She awoke with a start. A large square figure stood in the door-way, blocking out the sunshine, and Diana, with the insane friendliness of a puppy, was trying to clamber up one of his legs.

“Well, little gal, I reckon you’re ’most tired out, ain’t you?” said the big man, coming straight into the room.

Mrs. Weston rose to her utmost height of five feet two inches, and tried to be dignified.

“Do you wish to see my husband?” she inquired stiffly.

“No, I don’t want to see Ezry. I come to talk to you a spell, and see you.”

“You are very kind I’m sure,” returned the little lady icily, but the stranger did not seem one whit abashed. He took a nail-keg and sat down on it and looked about him. “Wal, now,” he remarked, nodding his head, “Ezry is real downright handy. He’s gone and got your house fine and fixed up, ain’t he now?”

“It is extremely comfortable, Mr.—ah—I don’t think you mentioned your name,” said Mrs. Weston, with a snap of her black eyes. She didn’t at all relish the free and easy way in which this man spoke of her husband.

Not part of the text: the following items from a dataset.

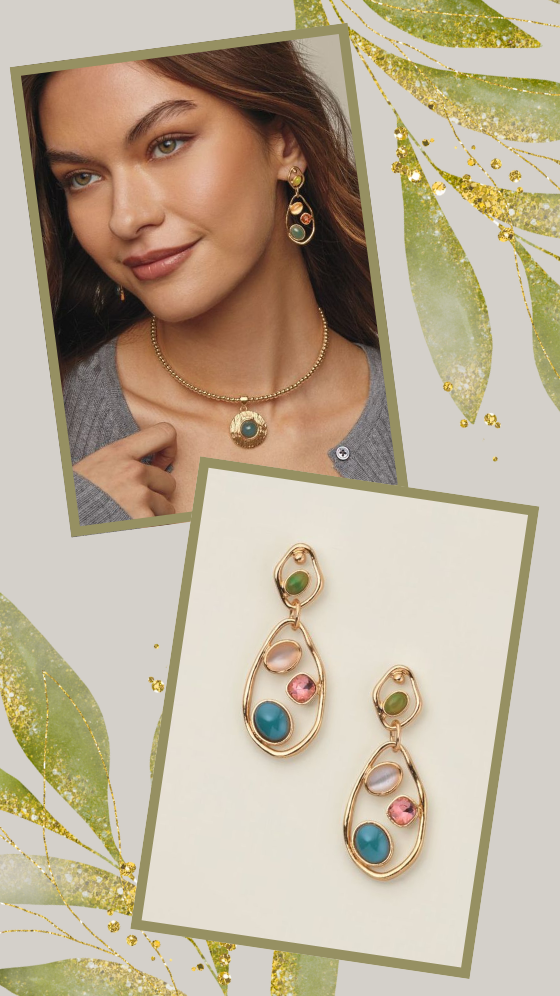 Softly radiant with a touch of nature’s charm, these drop earrings add a hint of serenity to any look. A colorful arrangement of earthy gem-like stones are set within an organically shaped goldtone frame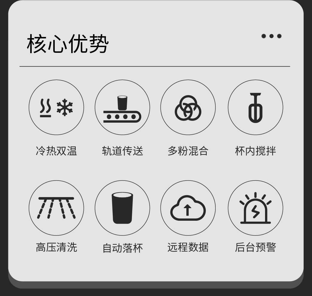 操作方式 | 自助点单 扫码支付 自动落杯出饮 | ||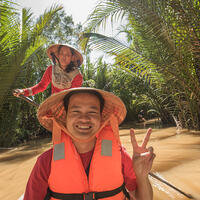 Today, you'll travel south to explore the Mekong Delta. When you arrive, board a boat and explore the intricate waterways. Often referred to as ‘the rice bowl’ of Vietnam, the fertile delta is where rice, tropical fruit and flowers are grown for the whole country. Disembark at Ben Tre and visit a local cottage industry to sample the candy that the region is famous for. You’ll have the opportunity to take a tuk-tuk around this remote village and stop to sample tropical fruit, see a honey farm and learn more about rural life. For lunch, go to a restaurant in the heart of the delta and try regional specialities such as the famous elephant-ear fish. After lunch, board sampans (small rowing boats) and paddle along the canals under the shade of lush water coconut trees. Stay overnight at a guesthouse on the river and swap stories with your hosts.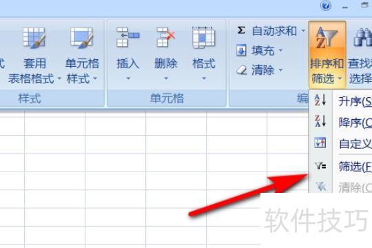 接着从下拉菜单中选择筛选功能。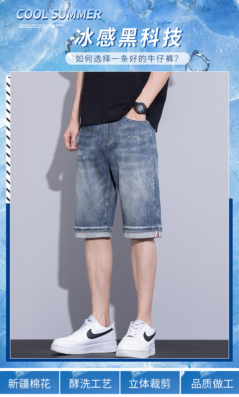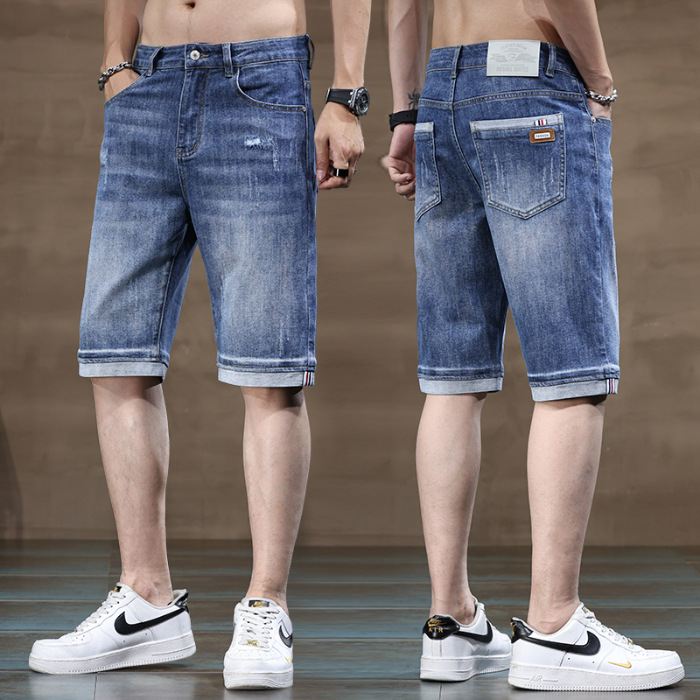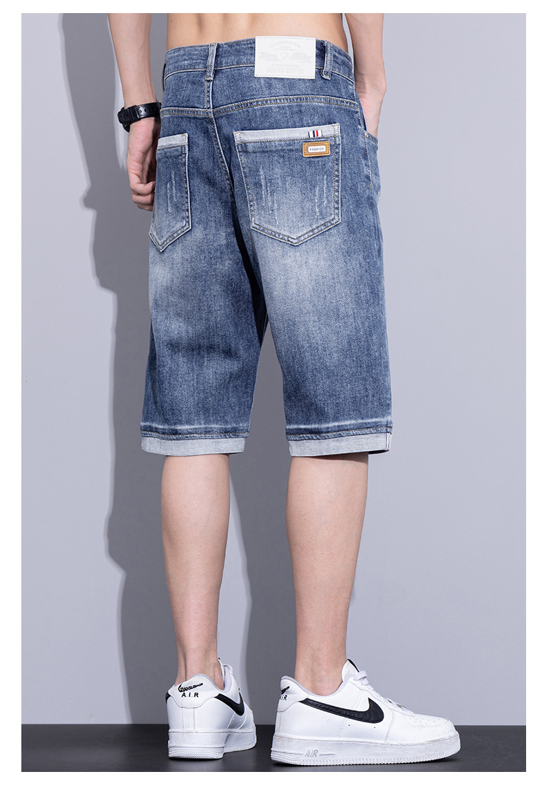여름 얇은 5 점 청바지 남성용 느슨한 캐주얼 중장 바지 플러스 사이즈 패션 통기성 캐주얼 남성 학생 반바지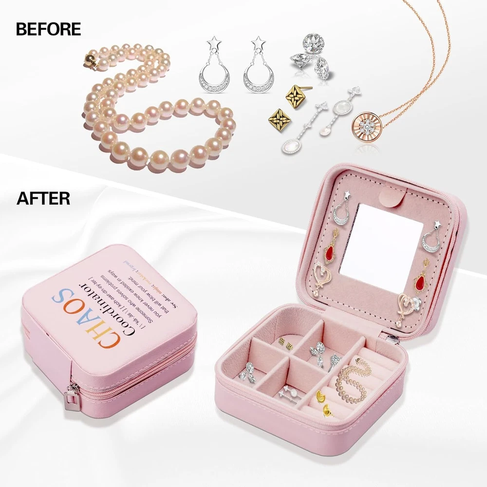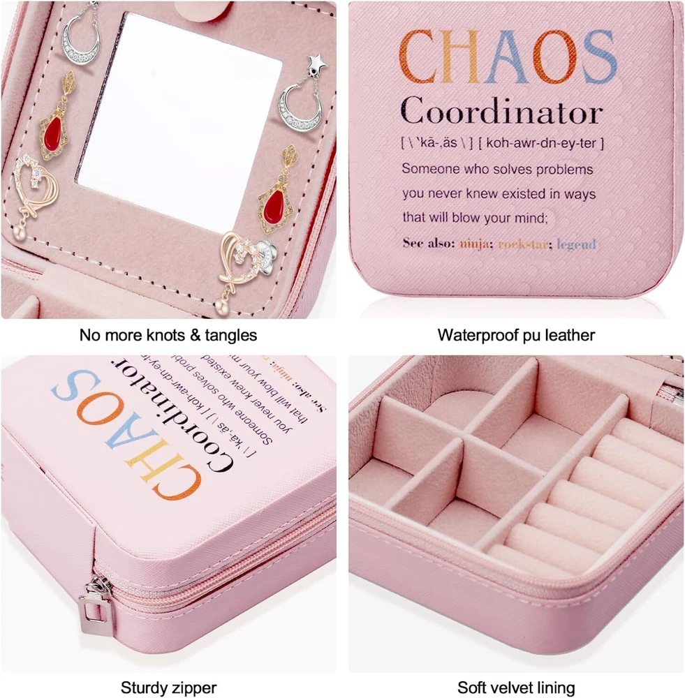 Gifts for Her Women,Chaos Coordinator Gifts,Trendy Travel Jewelry Case,Jewelry Box Personalized Mom Daughter Friends Female Coworker Nurse Teacher Assistant Secretary Administrative Manager Gifts Idea

“Do tell!” exclaimed the stranger with vast cordiality. “An’ you didn’t know who I was. Why, I’m Uncle David. I guessed everybody ’ud know me. There ain’t nobody else so big and awkward looking ’bout here on this prairie as me. Why, there was a man over to Perfection City yesterday, he come from beyond Cotton Wood Creek, and he said he calculated I’d be powerful useful on washing days, ’cause if they tied the clothes-line to me I’d do instead of a pole, an’ timber is mighty scarce anyhow.”

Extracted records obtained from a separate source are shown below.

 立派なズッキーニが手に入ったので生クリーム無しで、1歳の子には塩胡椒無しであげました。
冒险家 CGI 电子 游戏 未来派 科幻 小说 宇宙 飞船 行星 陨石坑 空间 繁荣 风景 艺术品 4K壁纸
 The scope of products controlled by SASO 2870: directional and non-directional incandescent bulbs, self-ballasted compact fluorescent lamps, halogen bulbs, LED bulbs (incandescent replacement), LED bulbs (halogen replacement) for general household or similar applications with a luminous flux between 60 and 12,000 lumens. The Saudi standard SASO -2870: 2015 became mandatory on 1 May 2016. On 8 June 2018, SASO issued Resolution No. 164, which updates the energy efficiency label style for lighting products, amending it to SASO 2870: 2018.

Uncle David gave a long loud laugh that set Diana into an ecstasy of delight, and was of itself so joyous that, after a moment, Olive also joined in with a merry titter. She had often heard her husband speak of Uncle David, as being one of the kindest and most simple-hearted of men. Her frigid manner melted rapidly and completely.

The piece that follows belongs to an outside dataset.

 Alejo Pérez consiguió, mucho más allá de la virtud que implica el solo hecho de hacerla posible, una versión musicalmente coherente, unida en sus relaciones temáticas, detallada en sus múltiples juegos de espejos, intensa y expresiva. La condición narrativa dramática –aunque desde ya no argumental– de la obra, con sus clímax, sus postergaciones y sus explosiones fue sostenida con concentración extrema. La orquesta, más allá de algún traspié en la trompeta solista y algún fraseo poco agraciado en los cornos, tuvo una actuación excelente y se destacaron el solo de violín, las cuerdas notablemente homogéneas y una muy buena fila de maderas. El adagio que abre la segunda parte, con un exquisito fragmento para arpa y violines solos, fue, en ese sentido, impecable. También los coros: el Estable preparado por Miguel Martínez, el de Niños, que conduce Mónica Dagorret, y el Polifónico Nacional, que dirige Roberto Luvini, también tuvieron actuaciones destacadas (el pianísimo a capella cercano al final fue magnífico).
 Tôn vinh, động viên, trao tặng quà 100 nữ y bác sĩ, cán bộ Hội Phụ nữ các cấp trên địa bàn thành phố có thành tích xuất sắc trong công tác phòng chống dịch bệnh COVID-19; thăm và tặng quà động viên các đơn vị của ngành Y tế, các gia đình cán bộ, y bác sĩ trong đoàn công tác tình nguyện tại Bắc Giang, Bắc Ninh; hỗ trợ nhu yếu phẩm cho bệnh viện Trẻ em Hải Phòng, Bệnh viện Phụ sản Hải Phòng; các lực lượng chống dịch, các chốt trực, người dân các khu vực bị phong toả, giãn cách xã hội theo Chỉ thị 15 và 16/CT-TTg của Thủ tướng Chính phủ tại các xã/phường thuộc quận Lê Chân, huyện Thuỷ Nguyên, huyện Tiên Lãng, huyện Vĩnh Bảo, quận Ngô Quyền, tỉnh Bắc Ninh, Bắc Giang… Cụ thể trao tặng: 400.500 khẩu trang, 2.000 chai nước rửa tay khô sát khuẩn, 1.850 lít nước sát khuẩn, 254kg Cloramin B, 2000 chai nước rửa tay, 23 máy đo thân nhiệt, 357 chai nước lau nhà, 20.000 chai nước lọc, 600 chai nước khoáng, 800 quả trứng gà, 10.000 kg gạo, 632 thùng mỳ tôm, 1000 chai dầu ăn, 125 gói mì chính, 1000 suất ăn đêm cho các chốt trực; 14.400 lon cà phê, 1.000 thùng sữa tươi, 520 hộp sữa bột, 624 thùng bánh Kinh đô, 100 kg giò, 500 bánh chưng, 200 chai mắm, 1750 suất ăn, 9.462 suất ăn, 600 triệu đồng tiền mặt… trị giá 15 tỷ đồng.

“Wal, now,” began Uncle David again, after his merriment had subsided, “how do you like our name?”

“Your name,” repeated Olive considerably puzzled.

“No, our name, the name of the Community, Perfection City. Do you like it?”

“I don’t think I do,” replied she.

“Jes’ so,” broke in Uncle David, apparently much pleased with this answer. “I knew you wouldn’t. Nobody does.”

“Why did you call it such a name—such a horrid name—and if nobody likes it, what is the use?”

“There now, that’s what they all say, until I talk to ’em,” said Uncle David. “You see I gave the name to the place.”

“Oh, it was your choice!” said Olive.

“When we came here, Niece and I, there wasn’t no town nor nothing, it was just open prairie. Ezry he come along too with us, and the Carpenters, and Mrs. Ruby, and the Wrights.”

“You leave out Madame Morozoff-Smith,” interrupted Olive.

“I thought you knew. Why, Madame, she’s Niece. She ain’t my real niece, she wasn’t born in my family, but she’s niece by adoption, and I hold she’s more to me than half the nieces I ever seen. I ain’t cute like most of the folks here, an’ there wasn’t no use in having me at Perfection City. I can’t do nothing. I can’t compose papers like Brother Wright. So I was studyin’ to see some way for me to come with ’em. It would ha’ broke my heart to be left behind. Madame, she come to me, an’ says she: ‘You’ll be my uncle. I want an uncle very much, and I’ll love you dearly.’ An’ so I was. I call it the greatest honour of my life when Madame made me her uncle, and added my name to hers.” Uncle David stooped and patted Diana’s head thoughtfully.

“When did you think of the name?” said Olive with a view to bringing him back to the point.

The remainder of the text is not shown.